Directions for this task
A faithful copy is required. Print each line of the data exactly and omit the pictures.

Provided material
•••••

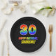 Este alegre, divertido y colorido diseño de placa de papel con temática de cumpleaños presenta un gran número "30" y el mensaje "FELIZ CUMPLEAÑOS", ambos coloreados con un patrón inspirado en el gradiente del espectro del arcoiris, junto con un nombre en negrita de personalizable amarillo. El fondo es negro de color. Diversión, placas de papel de personalizable como esta podrían ser usadas en un fiesta que se celebra el trigésimo cumpleaños de alguien. [~Z0000488]
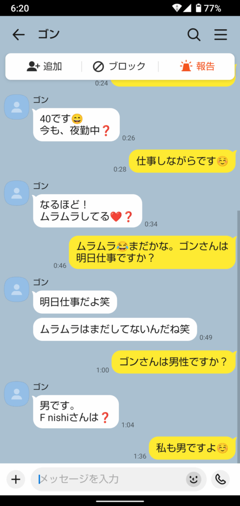 ナンネット経由で女性アカウントに間違われる日々を笑いながら送る(笑)女性の気持ちが少しわかる。こりゃパコれないよ?(笑)ちなみにプロバイダメールよりカカオ経由でのタレコミが多いですね。足が付きづらいイメージでしょうか?(笑)真偽は不明。ええ年齢の男が二枚目のフリから卒業ですよ(笑)これからは馬鹿にされる存在にならなければならないよ(笑)「ああなりたくはない人間」と陰口叩かれるようにならないといけない。今日も知らない人と素性も分からず、やりとりする。同業者のパートナーかもしれない。でもそんなこと気にしない。
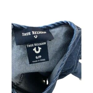 Stylish and comfortable True Religion denim dress for girls, size Small (S/P). Made of 100% Tencel, this soft and breathable blue dress features a trendy flutter sleeve design with intentional distressed edges and hem. The iconic True Religion logo is embroidered on the chest in light pink.

•••••

Result
 Este alegre, divertido y colorido diseño de placa de papel con temática de cumpleaños presenta un gran número "30" y el mensaje "FELIZ CUMPLEAÑOS", ambos coloreados con un patrón inspirado en el gradiente del espectro del arcoiris, junto con un nombre en negrita de personalizable amarillo. El fondo es negro de color. Diversión, placas de papel de personalizable como esta podrían ser usadas en un fiesta que se celebra el trigésimo cumpleaños de alguien. [~Z0000488]
 ナンネット経由で女性アカウントに間違われる日々を笑いながら送る(笑)女性の気持ちが少しわかる。こりゃパコれないよ?(笑)ちなみにプロバイダメールよりカカオ経由でのタレコミが多いですね。足が付きづらいイメージでしょうか?(笑)真偽は不明。ええ年齢の男が二枚目のフリから卒業ですよ(笑)これからは馬鹿にされる存在にならなければならないよ(笑)「ああなりたくはない人間」と陰口叩かれるようにならないといけない。今日も知らない人と素性も分からず、やりとりする。同業者のパートナーかもしれない。でもそんなこと気にしない。
 Stylish and comfortable True Religion denim dress for girls, size Small (S/P). Made of 100% Tencel, this soft and breathable blue dress features a trendy flutter sleeve design with intentional distressed edges and hem. The iconic True Religion logo is embroidered on the chest in light pink.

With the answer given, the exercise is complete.